Les États-Unis maintiendront leur position ferme sur les droits de douane imposés la semaine dernière dent Greer , a confirmé cette position lors d'une interview télévisée dimanche soir. Il a ainsi laissé entrevoir une ligne dure, réduisant à néant les espoirs d'exemptions rapides pour les alliés et partenaires commerciaux des États-Unis.
Greer a souligné que le décret présidentiel à l'origine des droits de douane s'inscrit dans une stratégie plus large et ne sera pas annulé de sitôt. Ce décret impose des droits de douane élevés sur l'ensemble des produits : 35 % sur les importations en provenance du Canada, 50 % du Brésil, 25 % d'Inde et des taux allant de 20 % à 39 % sur les marchandises en provenance de Taïwan et de Suisse.
Greer a déclaré sur Face the Nation que les taux tarifaires étaient en grande partie fixes, précisant que certains étaient liés à des accords précédemment annoncés tandis que d'autres étaient fondés sur des évaluations commerciales internes. Il a souligné que, pour le moment, ces taux n'étaient pas négociables.
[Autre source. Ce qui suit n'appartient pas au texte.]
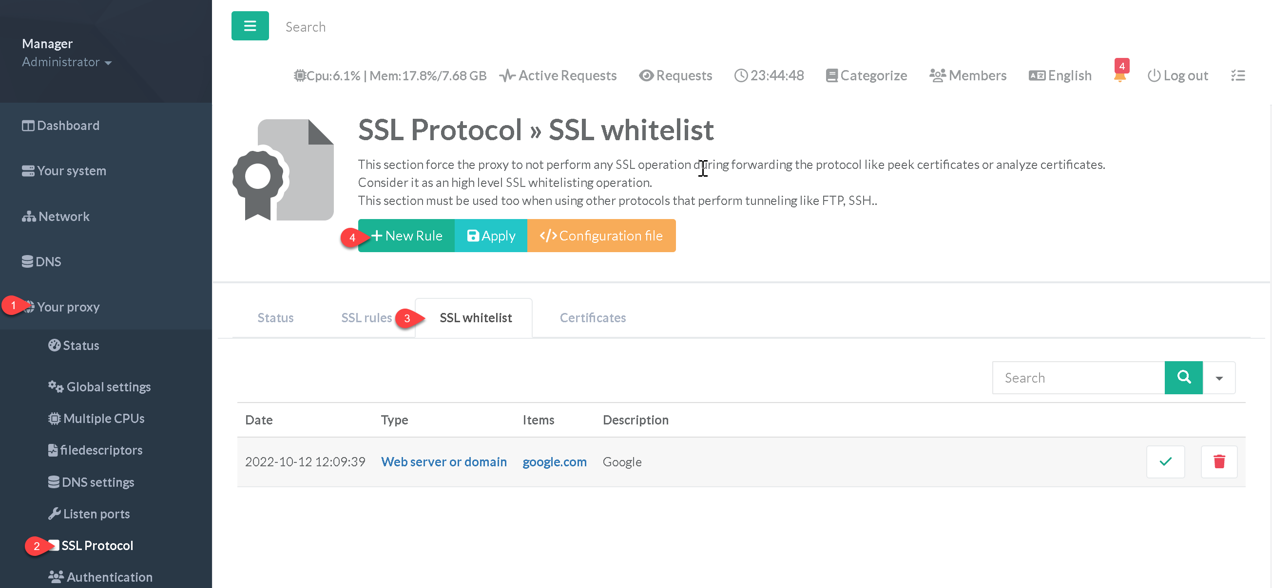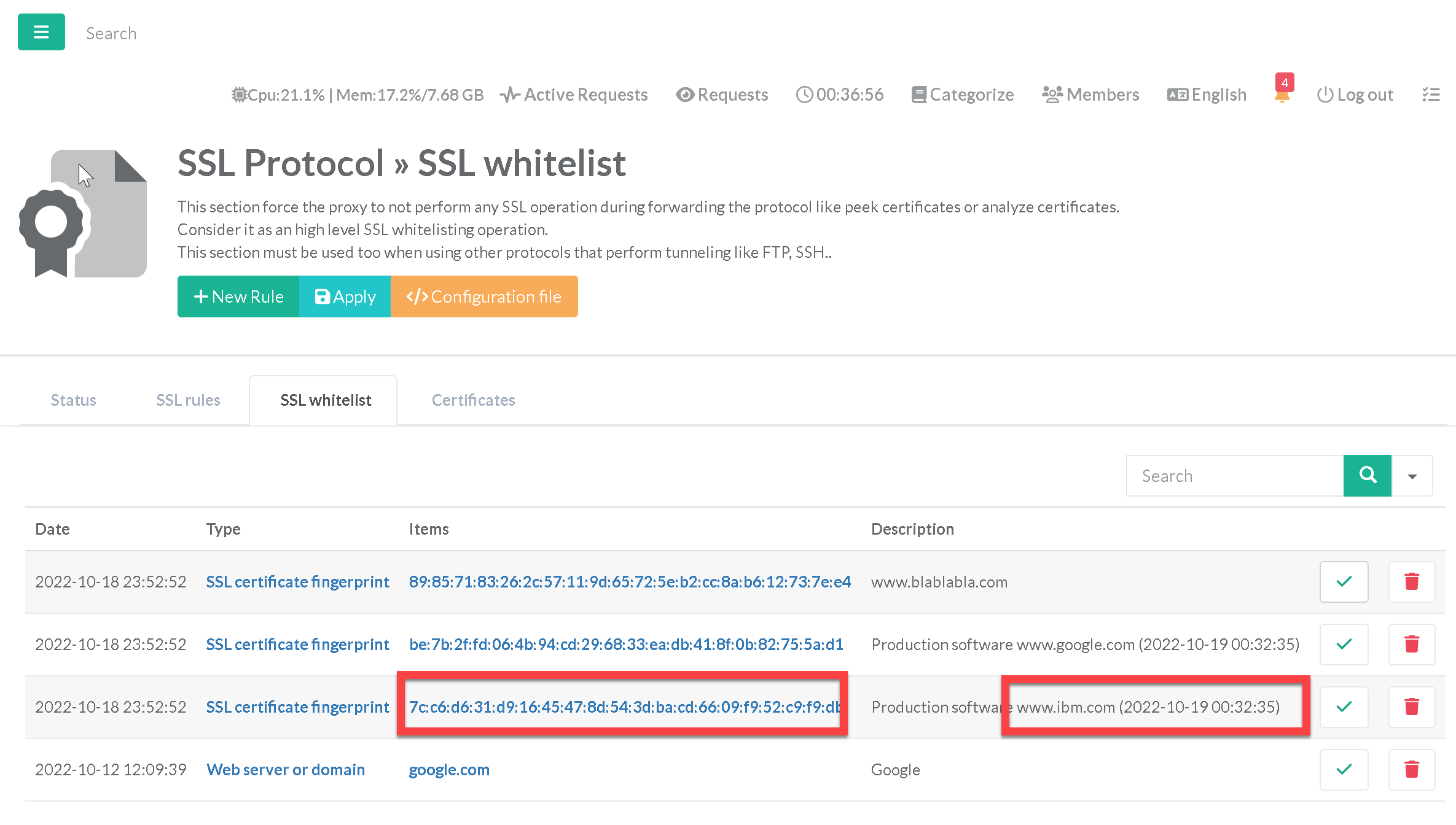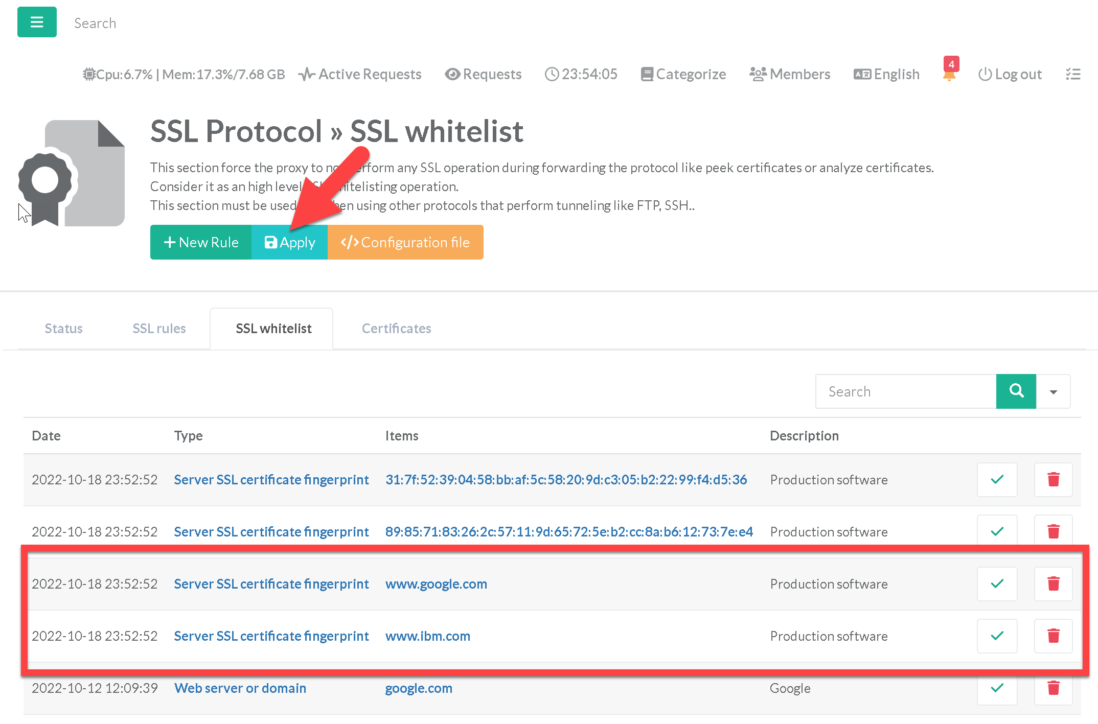On Your Proxy > SSL Protocol, click on SSL Whitelist tab

Ses propos font suite aux vives critiques des chefs d'entreprise américains et des gouvernements étrangers, qui affirment que les droits de douane entraîneront une hausse des prix et perturberont les chaînes d'approvisionnement mondiales. L'administration Trump semble toutefois déterminée à les mettre en œuvre malgré tout, présentant ces droits de douane comme faisant partie d'un plan plus vaste visant à protéger l'industrie américaine et à réduire le defi .
La Maison Blanche renonce aux accords tarifaires flexibles
La Maison-Blanche s'est montrée plus flexible lors des premières négociations commerciales cette année. Par exemple, lors des négociations avec l'Union européenne, l'administration a accepté de réduire de moitié les droits de douane sur les importations d'acier et de produits agricoles européens en échange de réductions sur certains droits de douane initialement proposés. Greer a précisé que le niveau actuel des droits de douane ne devait pas être interprété de la même manière.
Greer a déclaré que la situation actuelle était différente des négociations précédentes, mentionnant un accord formel avec l'Union européenne. Selon lui, des raisons telles que les déséquilibres commerciaux et les priorités économiques nationales ont conduit les États-Unis à repartir de zéro avec des droits de douane. Il a reconnu que l'équipe précédente avait fait de même et a insisté sur ce point, affirmant que cette approche ne fonctionnerait pas cette fois-ci.
Selon les analystes commerciaux, la politique actuelle témoigne d'une plus grande rigueur dans le second mandat de Trump. L'administration a adopté une approche plus délibérée pour promouvoir les stratégies économiques « L'Amérique d'abord », visant à contraindre les gouvernements étrangers à se soumettre en leur offrant des concessions ou en acceptant une escalade tarifaire perpétuelle.
Plusieurs de ses partenaires commerciaux, dont le Canada et l'Inde, ont menacé de représailles . Cependant, Greer a minimisé le risque d'une guerre commerciale, affirmant que les États-Unis étaient ouverts au dialogue et ne cherchaient pas à renoncer à leur position.
Les États-Unis renforcent leur engagement avec la Chine dans le domaine des terres rares
Alors que les droits de douane restent en vigueur pour plusieurs pays, Greer s'est montré optimiste quant à l'évolution des relations commerciales entre les États-Unis et la Chine, notamment dans le domaine crucial des terres rares.
Il a déclaré que les États-Unis avaient entretenu un dialogue constructif avec la Chine et a souligné que l'objectif principal était de garantir un approvisionnement régulier en aimants et minéraux de terres rares en provenance de Chine. Il a fait remarquer que cette chaîne d'approvisionnement était essentielle pour les industries technologiques et de défense du pays.
Les aimants à base de terres rares sont utilisés dans de nombreux produits, des smartphones aux véhicules électriques en passant par les systèmes de missiles. La Chine contrôle plus de 80 % de l'offre mondiale, ce qui fait de la stabilité des échanges commerciaux dans ce secteur une priorité absolue pour Washington.
Greer a déclaré qu'ils s'inquiétaient du fait qu'ils soient encore loin du niveau des échanges commerciaux d'avant les tensions. Il a ajouté que les États-Unis et la Chine avaient convenu de poursuivre le dialogue.
Les observateurs du commerce estiment qu'il s'agit d'un changement de stratégie visant à s'en prendre à la Chine. Les États-Unis ont adopté une position moins ferme envers Pékin que d'autres pays. Ce mois-ci, ils n'ont imposé qu'une seule série de droits de douane généralisés sur des produits comparables au bœuf, à destination de l'Irlande, un secteur impliqué dans un conflit potentiellement meurtrier.